* What you will do: Copy the records below exactly, but leave out any picture they contain.

[Extracted data entries]
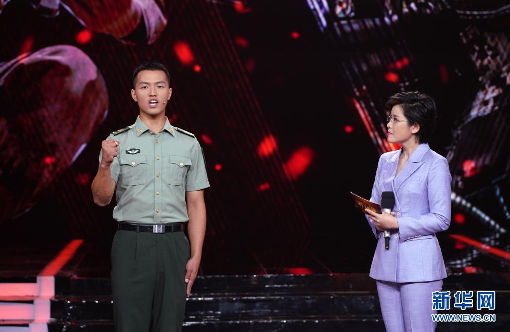 在“時(shí)代楷?!卑l(fā)布儀式上,陸軍第八十三集團(tuán)軍某旅“紅一連”副班長徐謙(左)講述黨員骨干“跟我來”的故事(7月23日攝)。新華社記者 張永進(jìn) 攝
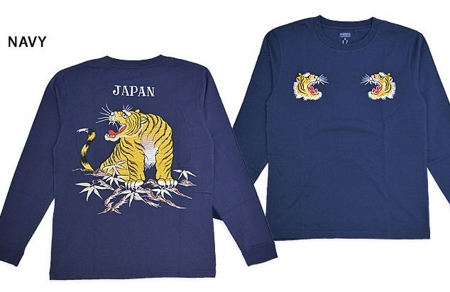 - スカ刺繍ロングTシャツ「TIGER」◆テーラー東洋 ネイビーMサイズ TT69471 和柄 和風 虎 トラ スカジャン風
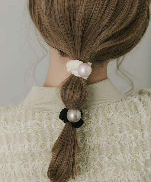 マシュマロのような生地をクシュっとさせたヘアゴムにくすみがかったニュアンスが目を引くメタルボールを施しました。
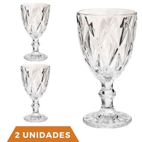 2 Copos Transparente Taças Diamante 300ml Para Agua Vinho
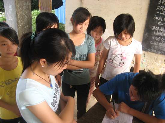 容岭村是省级新农村建设示范村,现有470户人家,加上外来人口,总计2000余人,是一个很大的村落,有的村庄甚至靠近山脚,步行路途遥远,可是实践队每位成员都不辞辛苦地进行宣传,力争不落下一户,不落下一个学生。在整个招生过程中,最大的感触就是感动:被这里学生对学习的热情感动、被这里家家户户对孩子教育的重视度感动。有的家长甚至在听晚我们宣传的当天晚上,就领着孩子过来报名了。在招生工作中,实践队还遇见这样一个女孩,她告诉我们队员,父母皆外出打工,只剩下她和爷爷奶奶在家里。她很想来驻地这里上课,可家里现正处于农忙阶段,她只能一边放牛,一边学习。了解到这个情况后,队员决定对那些无法来上课的孩子,在晚上进行一对一的上门辅导。
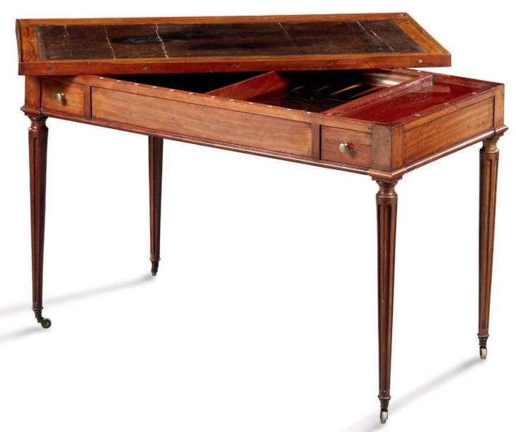 Le plateau amovible est gainé d'un cuir sur une face et découvre le jeu de tric-trac marqueté sur fond d'ébène.
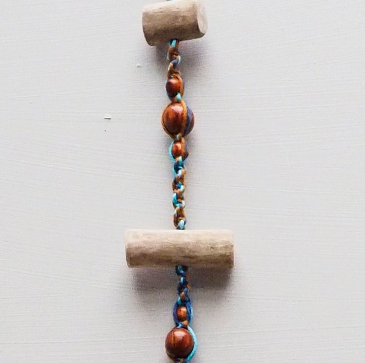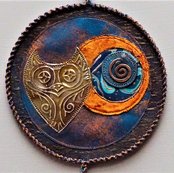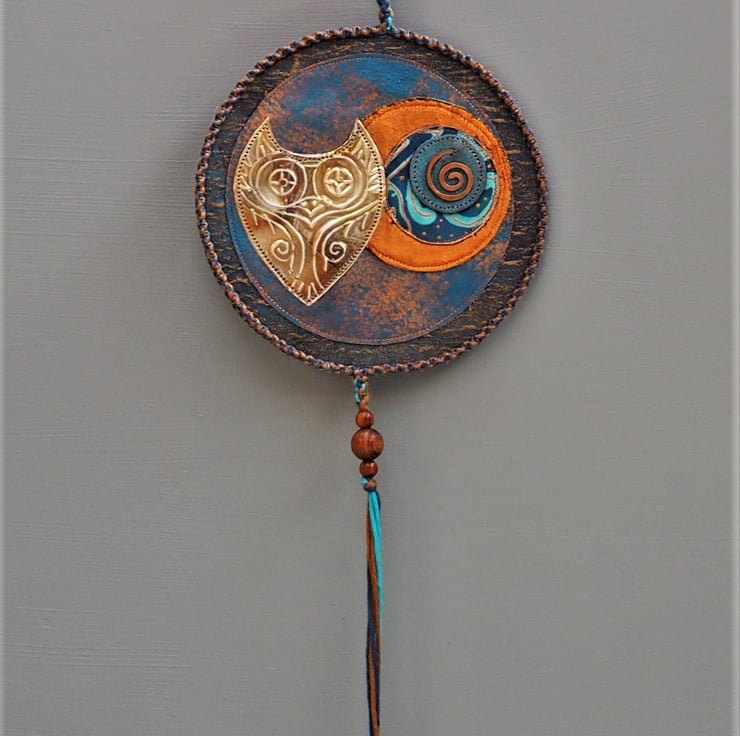 15cm roundel, hand painted fabric wall hanging plus macrame loop and danglers with wooden beads and driftwood. Original Owl design on embossed metal (recycled drinks can) stitched to a painted fabric background and velvet. Full length approx 80cm but can easily be cut shorter. I make these with my sister Mandy at Thrifty Drifter.

* Answer to the exercise:
 在“時(shí)代楷?!卑l(fā)布儀式上,陸軍第八十三集團(tuán)軍某旅“紅一連”副班長徐謙(左)講述黨員骨干“跟我來”的故事(7月23日攝)。新華社記者 張永進(jìn) 攝
 - スカ刺繍ロングTシャツ「TIGER」◆テーラー東洋 ネイビーMサイズ TT69471 和柄 和風 虎 トラ スカジャン風
 マシュマロのような生地をクシュっとさせたヘアゴムにくすみがかったニュアンスが目を引くメタルボールを施しました。
 2 Copos Transparente Taças Diamante 300ml Para Agua Vinho
 容岭村是省级新农村建设示范村,现有470户人家,加上外来人口,总计2000余人,是一个很大的村落,有的村庄甚至靠近山脚,步行路途遥远,可是实践队每位成员都不辞辛苦地进行宣传,力争不落下一户,不落下一个学生。在整个招生过程中,最大的感触就是感动:被这里学生对学习的热情感动、被这里家家户户对孩子教育的重视度感动。有的家长甚至在听晚我们宣传的当天晚上,就领着孩子过来报名了。在招生工作中,实践队还遇见这样一个女孩,她告诉我们队员,父母皆外出打工,只剩下她和爷爷奶奶在家里。她很想来驻地这里上课,可家里现正处于农忙阶段,她只能一边放牛,一边学习。了解到这个情况后,队员决定对那些无法来上课的孩子,在晚上进行一对一的上门辅导。
 Le plateau amovible est gainé d'un cuir sur une face et découvre le jeu de tric-trac marqueté sur fond d'ébène.
 15cm roundel, hand painted fabric wall hanging plus macrame loop and danglers with wooden beads and driftwood. Original Owl design on embossed metal (recycled drinks can) stitched to a painted fabric background and velvet. Full length approx 80cm but can easily be cut shorter. I make these with my sister Mandy at Thrifty Drifter.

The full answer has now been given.